Figure BDA0003645216880000131
In the formula, ODc represents the absorbance value at 490nm after HepG2 cell culture, and ODe represents the absorbance value at 490nm after HepG2 cell culture with DOX, P (PFPHM-b-DMAEMA-b-PEGMEA) -DOX, and P (PFPHM-b-DMAEMA-b-PEGMEA), respectively.
Example 9
(1) The prepared drug-loaded micelle of claim 1 is weighed, and the drug Loading (LC) and the Encapsulation Efficiency (EE) of the micelle are calculated according to the following formulas (shown in the following table 1), and the result shows that the drug Loading (LC) of P (PFPHM-b-DMAEMA-b-PEGMEA) is 21.3 percent and the Encapsulation Efficiency (EE) is 90.0 percent, and the result shows that the polymer micelle can effectively wrap the hydrophobic drug.
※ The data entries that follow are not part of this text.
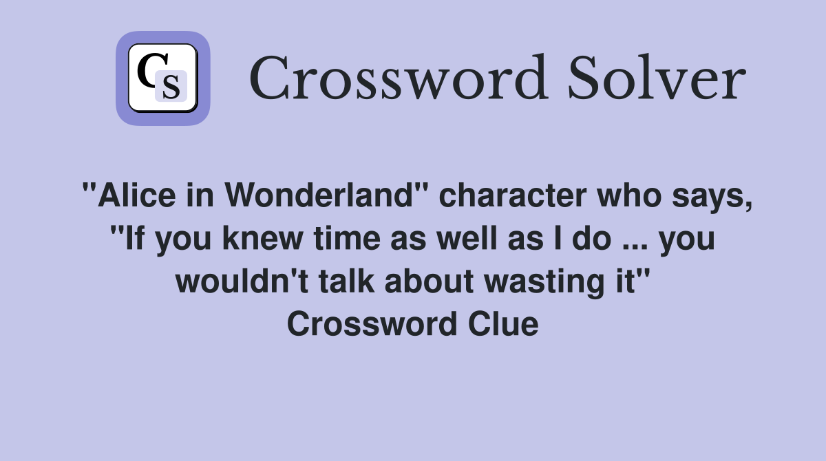 quot Alice in Wonderland quot character who says quot If you knew time as well as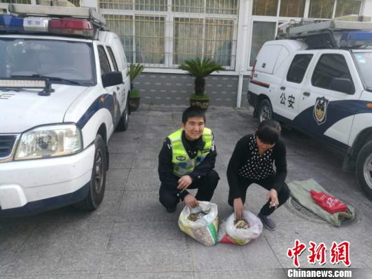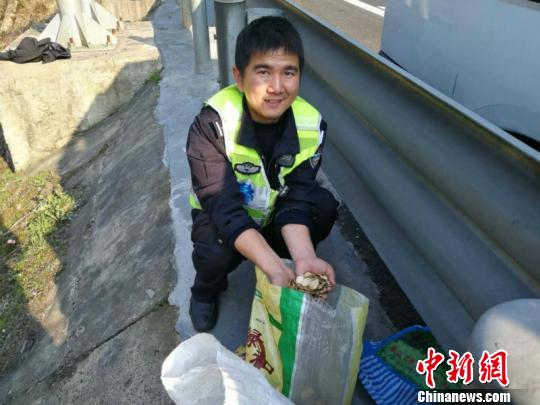 浙江丽水交警陪捡近3小时捡完 警方提供
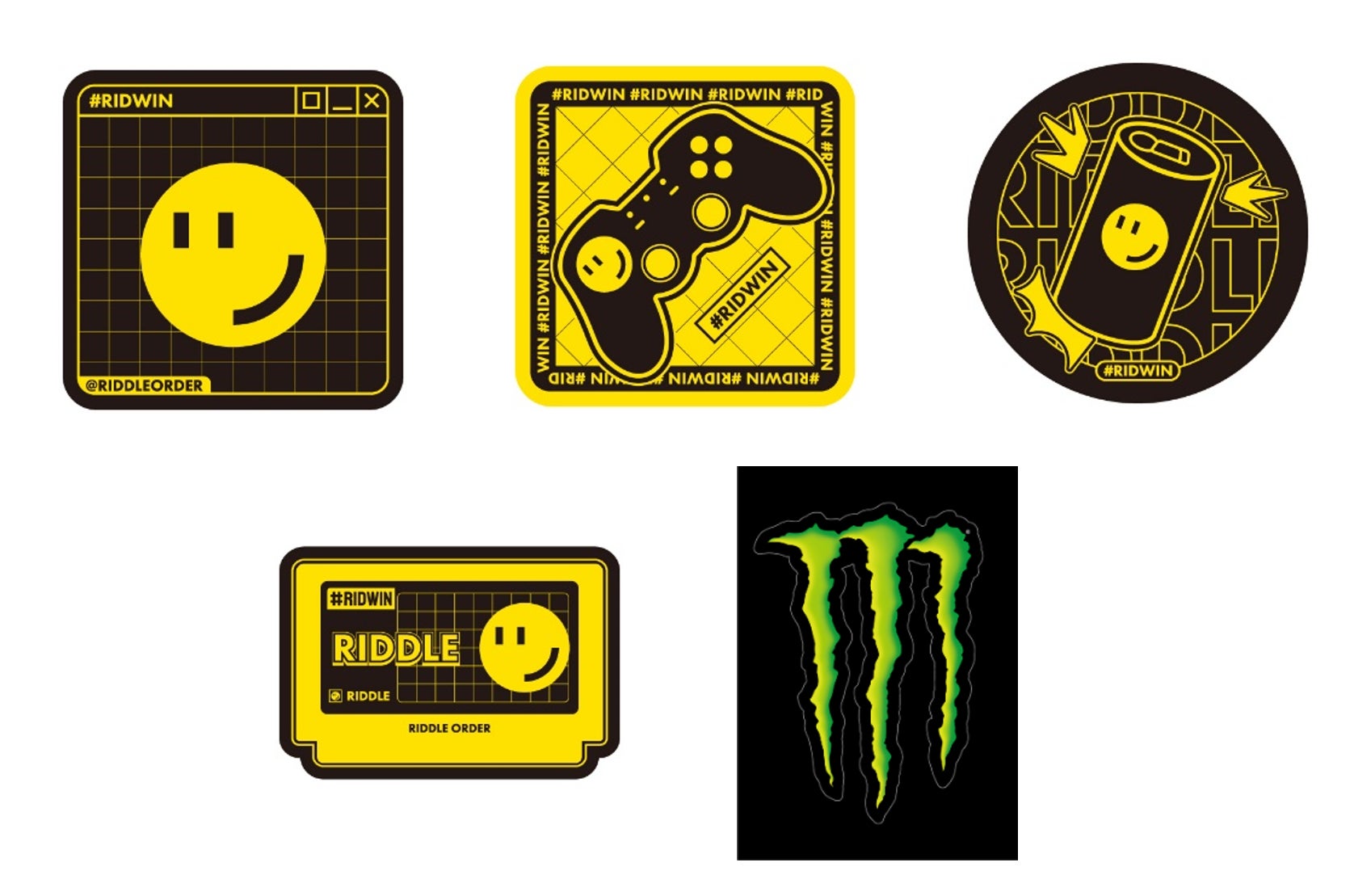 [1本購入] ステッカー5種(RIDDLE 4種+モンスターロゴ 1種) …各店4枚×5種(計20枚)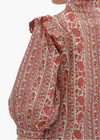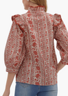 Floral stripe print ¾ sleeve top featuring ruffled mock neck with lace-trimmed shoulder flounce and front placket. Button closure at front. Unlined. Woven. Non-sheer. Lightweight.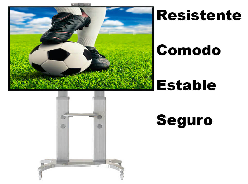 Todo esto y mucho mas lo trae el soporte de piso resistente a cantidades enormes de peso construido en base de contorno de aluminio con materiales de excelente calidad,un diseño industrial el cual permite sostener televisores demasiado grandes y pesados gracias a su estructura resistente por sus dos postes que le brindan mas estabilidad y seguridad a la hora de ser utilizado.Con una innovadora estructura la cual en su parte inferior trae 4 ruedas industriales capaces de soportar grandes cantidades de peso para asi proporcionar una solucion en la movilidad del televisor y este poder ser usado practicamente en conferencias, entretenimiento, exposiciones, reuniones,etc.

Figure BDA0003645216880000132
Figure BDA0003645216880000133
In the formula, m1 is the mass of the drug loaded in the polymer micelle, 10 mg; m2 is the total mass of the drug-loaded micelle, mg; m3 represents the mass of the drug, 3 mg.
Table 1: EE and LC analysis of drug-loaded micelles
Figure BDA0003645216880000134
Example 10
(1) Preparing a DOX/ethanol solution with a series of concentrations of 0.01-0.75 mg/mL. The absorbance at 495nm is measured by an ultraviolet spectrophotometer, and a standard curve of adriamycin/ethanol is drawn.
(2) The drug-loaded micelle prepared in claim 1 was dissolved in 10mL of anhydrous ethanol.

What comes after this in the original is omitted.